Средствами игры будут служить пластинки, наподобие тех доминошек, что используются при игре в домино. Как и в домино, каждая пластинка разделена на верхнюю и нижнюю половину. В каждой половине что-то написано. Отличие от домино в том, что именно написано. В случае домино в каждой из половин записывается количество очков, от 0 до 6. А нашем случае в каждой из половин записывается какая-то цепочка из букв икс и зет. Вот примеры таких цепочек. Цепочки длины один: x, z. Цепочки длины два: xx, xz, zx, zz. Цепочки длины три: xxx, xxz, xzx, xzz, zxx, zxz, zzx, zzz. Возможна и цепочка длины ноль, в этом случае не записано ничего. А вот одна из 128 цепочек длины семь: zxzxxxz. Проиллюстрируем сказанное примерами возможных пластинок:

Перечисленные 4 пластинки, в том порядке, как они указаны, обозначим — для дальнейших ссылок — буквами A, B, C, D. Если приложить одну пластинку к другой, но не торцами, как при игре в домино, а боками, то в результате получим две строчки букв: одну сверху, другую снизу. Так, прикладывая A к D (слева D, справа A), получаем zzzx сверху и zzx снизу. Если приложить в другом порядке, получим xzzz сверху, zxz снизу. Аналогично можно прикладывать друг к другу несколько пластинок и считывать верхнюю и нижнюю строчки букв. Более того. Каждую пластинку разрешается воспроизводить в неограниченном количестве и создавать сочетания из повторяющихся пластинок — такие, например, как AACA. В этом примере верхней строчкой будет xxxzx, а нижней — zxzxzzzx. Прошу у читателя прощение за затянувшееся предварение к игре, но хотелось бы, чтобы всё было предельно ясно.

Теперь — сама игра. Она состоит в следующем. В средствах массовой информации объявляется некоторый конкретный набор пластинок. Далее предлагается, воспроизводя каждую из пластинок набора в необходимом количестве, приложить пластинки друг к другу так, чтобы верхняя и нижняя строчки иксов и зетов совпали друг с другом. Первым пяти, приславшим решения, будет выплачен внушительный приз.

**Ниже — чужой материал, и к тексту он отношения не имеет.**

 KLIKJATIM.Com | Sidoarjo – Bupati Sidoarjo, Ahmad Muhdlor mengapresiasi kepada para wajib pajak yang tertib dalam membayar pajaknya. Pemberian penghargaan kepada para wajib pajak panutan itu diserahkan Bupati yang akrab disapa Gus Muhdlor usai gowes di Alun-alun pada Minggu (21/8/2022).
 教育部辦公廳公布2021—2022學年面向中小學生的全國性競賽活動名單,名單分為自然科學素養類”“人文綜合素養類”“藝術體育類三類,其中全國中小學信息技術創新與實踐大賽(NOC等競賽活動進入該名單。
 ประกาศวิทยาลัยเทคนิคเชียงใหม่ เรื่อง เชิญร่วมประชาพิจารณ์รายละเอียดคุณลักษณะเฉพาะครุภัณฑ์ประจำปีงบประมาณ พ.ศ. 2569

Поясним сказанное на примерах. Пусть объявленный набор содержит всего только одну пластинку A из приведённого выше перечня. Ясно, что решение невозможно, поскольку, сколько раз ни прикладывай пластинку A саму к себе, нижняя строка всегда окажется длиннее верхней. По сходной причине решения не существует, если объявленный набор состоит из одной только пластинки D, только тут длиннее будет верхняя строка. Желающие могут попытаться доказать, что решения не существует и в том случае, когда объявленный набор состоит из двух пластинок, A и D. А вот если объявить набор из всех наших четырёх пластинок A, D, C и D, то решение существует. Действительно, если сложить пластинки в таком порядке: DBCDA, то и верхняя, и нижняя строка окажутся одинаковы: zzzxxzzzzx.

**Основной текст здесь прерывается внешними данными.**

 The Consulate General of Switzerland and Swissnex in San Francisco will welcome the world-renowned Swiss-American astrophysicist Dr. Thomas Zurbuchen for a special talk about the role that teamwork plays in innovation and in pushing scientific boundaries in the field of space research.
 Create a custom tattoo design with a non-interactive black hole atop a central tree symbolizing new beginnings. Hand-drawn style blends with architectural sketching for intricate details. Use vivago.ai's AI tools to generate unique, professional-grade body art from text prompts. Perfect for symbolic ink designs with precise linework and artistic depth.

Итак, набор объявлен. Все хотят получить приз. Но прежде, чем пытаться найти такое расположение пластинок, при котором верхняя и нижняя строки окажутся одинаковыми, желательно узнать, возможно ли такое расположение в принципе. Ведь если оно невозможно, то бесперспективно его искать, это будет пустой потерей времени. Так вот, оказывается, что не существует никакого эффективного способа это узнавать. Не существует (именно не существует, а не просто неизвестен) такого алгоритма, который позволял бы для любого объявленного набора пластинок узнать, имеется ли решение, то есть возможно или невозможно сложить пластинки требуемым образом. Для каждого отдельно взятого набора пластинок задача узнать, к какой из двух категорий этот набор относится — к той, для которой решения имеются, или же к той, для которой решений нет, — она, эта задача, есть сугубо творческая задача, своя для каждого такого набора, а общий метод получения ответа для всех таких задач отсутствует.

 

Глава 7. Парадокс Галилея, эффект Кортасара и понятие количества

В детстве меня иногда посещал следующий кошмар. Мне представлялось большое число стульев (наглядно — в виде стульев в партере летнего театра). И вот их начинают пересчитывать. Получают некоторое число. Затем пересчитывают в другом порядке и получают другое число. Кошмар заключался в том, что при обоих подсчётах не было ошибки.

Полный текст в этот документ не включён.